Claims to passage task 2012

Input | Output | Run Submission | Training data | Test data | Contact
Evaluation Measures | Evaluation Results

Topics in this task are sets of claims extracted from actual patent application documents. Participants are asked to return passages that are relevant to the topic claims. The passages must occur in the documents in the CLEF-IP 2012 collection. No other data is allowed to be used in preparing for this task.

These sets of claims were chosen based on existing search reports for the considered pantent applications. It is often the case that from one patent application document we have extracted more than one topic.

The topics (defined below) contain also a pointer to the original patent application file. The content of the xml file (other than the claims selected as topics) can be used as you like.


You can read further clarifications on this task here

Input

A topic in the 'Claims to Passage' task contains the following sgml codes:

<tid>topic_id</tid>
<file>topic_file.xml</tfile>
<claims>xpaths_to_claims</tclaims>
   

where

  • 'tid' contains the id of the topic defined
  • 'tfile' contains the name of the xml file from which the topic claims are extracted
  • 'tclaims' contains the xpaths in the xml file to the claims selected as topics. The xpaths are separated by space.

Example (taken from the set of training topics):

<tid>tPSG-5</tid>
<tfile>EP-1480263-A1.xml</tfile>
<tclaims>/patent-document/claims/claim[1] /patent-document/claims/claim[2] 
/patent-document/claims/claim[3] /patent-document/claims/claim[16] 
/patent-document/claims/claim[17] /patent-document/claims/claim[18] </tclaims>
	

 back to top

Output

The retrieval results should be returned in a text file with 6 columns, as described below (based on the trec formats):

   
topic_id Q0 doc_id rel_psg_xpath psg_rank psg_score

where:

  • topic_id is the identifier of a topic
  • Q0 is a value maintained for historical reasons
  • doc_id is the identifier of the patent document (i.e. file name WITHOUT extension) in which the relevant passages occur
  • rel_psg_xpath is the xpath identifying the relevant passage in the doc_id document
  • psg_rank the rank of the passage in the overall list of relevant passages
  • psg_score is the score of the passage in the (complete) list of relevant passages

We allow only one xpath per line in the result files. If more passages are considered relevant for a topic, these have to be placed on separate lines.
The maximum number of lines in the result files is limited to containing 100 doc_ids when ignoring the xpaths.

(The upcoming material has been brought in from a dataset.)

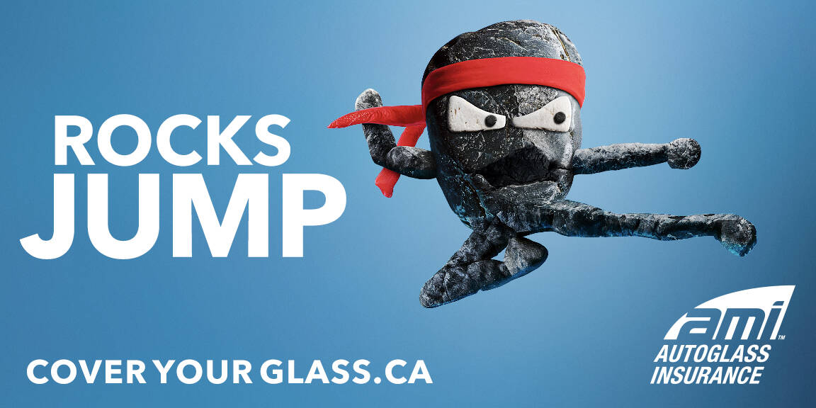 This professional campaign titled 'Rocks Jump' was published in Canada in April, 2023. It was created for the brand: AMI Autoglass insurance, by ad agency: TRGR. This OOH Outdoor medium campaign is related to the Automotive and Personal Transportation and Insurance industries and contains 3 media assets. It was submitted over 2 years ago by Art Director: Brad Connell of TRGR.

Example (taken from the qrels, therefore, both psg_rank and psg_score values are fictional)

   
...
tPSG-5 Q0 WO-2002015251-A1 /patent-document/claims/claim 5 1.34
tPSG-5 Q0 WO-2002015251-A1 /patent-document/description/p[22] 6 1.11
tPSG-5 Q0 WO-2002015251-A1 /patent-document/description/p[23] 7 0.87
tPSG-5 Q0 WO-2002015251-A1 /patent-document/description/p[34] 8 0.80
...

 back to top

Run Submission

Each participant is allowed to submit up to 8 run files. Each run should be submitted compressed. As in the previous years, the run files should be named using the following schema: participantID-runID-taskID.extension.
   participantID will identify your institution/group
   runID identifies the different runs you submit
   taskID should be PSG
   extension is either tgz, gz, zip or other extension used by compressing programs.

As seen above, the topics contain also a pointer to the original patent application file. Participants to the task are allowed to use the content of this file as they need and see fit.

 back to top

Evaluation Measures

There are two types of measurements we can compute on the submitted runs: at the document level and at the passage level.

At the Document Level

The main measure we will report will be PRES at 20 and 100 cut-offs. PRES rewards systems that return relevant documents earlier in the retrieval list.
In order to apply PRES to the submitted experiments, the experiments will be stripped off of the passage information, the ranking will be kept. For instance, the example run

   
...
tPSG-16 Q0 WO-2000078185-A2 /patent-document/abstract[1]/p 1 2.53
tPSG-16 Q0 WO-2000078185-A2 /patent-document/abstract[2]/p 2 2.2
tPSG-16 Q0 WO-2000078185-A2 /patent-document/description/p[41] 3 1.89
tPSG-16 Q0 WO-2000078185-A2 /patent-document/description/p[42] 4 1.75
tPSG-16 Q0 WO-2000078185-A2 /patent-document/description/p[43] 5 1.5
tPSG-16 Q0 WO-2000078185-A2 /patent-document/description/p[44] 6 1.02
tPSG-16 Q0 WO-2000078185-A2 /patent-document/description/p[45] 7 0.9
tPSG-16 Q0 WO-2000078185-A2 /patent-document/description/p[46]  8 0.8
tPSG-16 Q0 WO-2000078185-A2 /patent-document/description/p[47]  9 0.7
tPSG-16 Q0 WO-1997007715-A1 /patent-document/abstract[1]/p 10 0.66
tPSG-16 Q0 WO-1997007715-A1 /patent-document/abstract[2]/p 11 0.60
tPSG-16 Q0 WO-1997007715-A1 /patent-document/description/p[43] 12 0.5
tPSG-16 Q0 WO-1997007715-A1 /patent-document/description/p[44] 13 0.42
tPSG-16 Q0 WO-1997007715-A1 /patent-document/description/p[45] 14 0.42
tPSG-16 Q0 WO-1997007715-A1 /patent-document/description/p[46] 15 0.42
...
will be processed into the following:
   
...
tPSG-16 Q0 WO-2000078185-A2 1 2.53
tPSG-16 Q0 WO-1997007715-A1 2 0.66
...
and given as input to the script computing the PRES score. (Note that the psg_score column - the last one - is ignored in the PRES computation.)

At the Passage Level

The main measure reported here will be the MAgP measure, which is an adaptation of the measure used in the INEX Ad-hoc track, Relevant in Context Task (see this article). If the time permits we will also compute a 'Best Entry Point' measure which assesses how good the first retrieved paragraph in a document matches the first document paragraph selected by the patent expert.

 back to top

Evaluation Results

You can now download the evaluation results. The file shows the evaluation per EN/DE/FR language as well.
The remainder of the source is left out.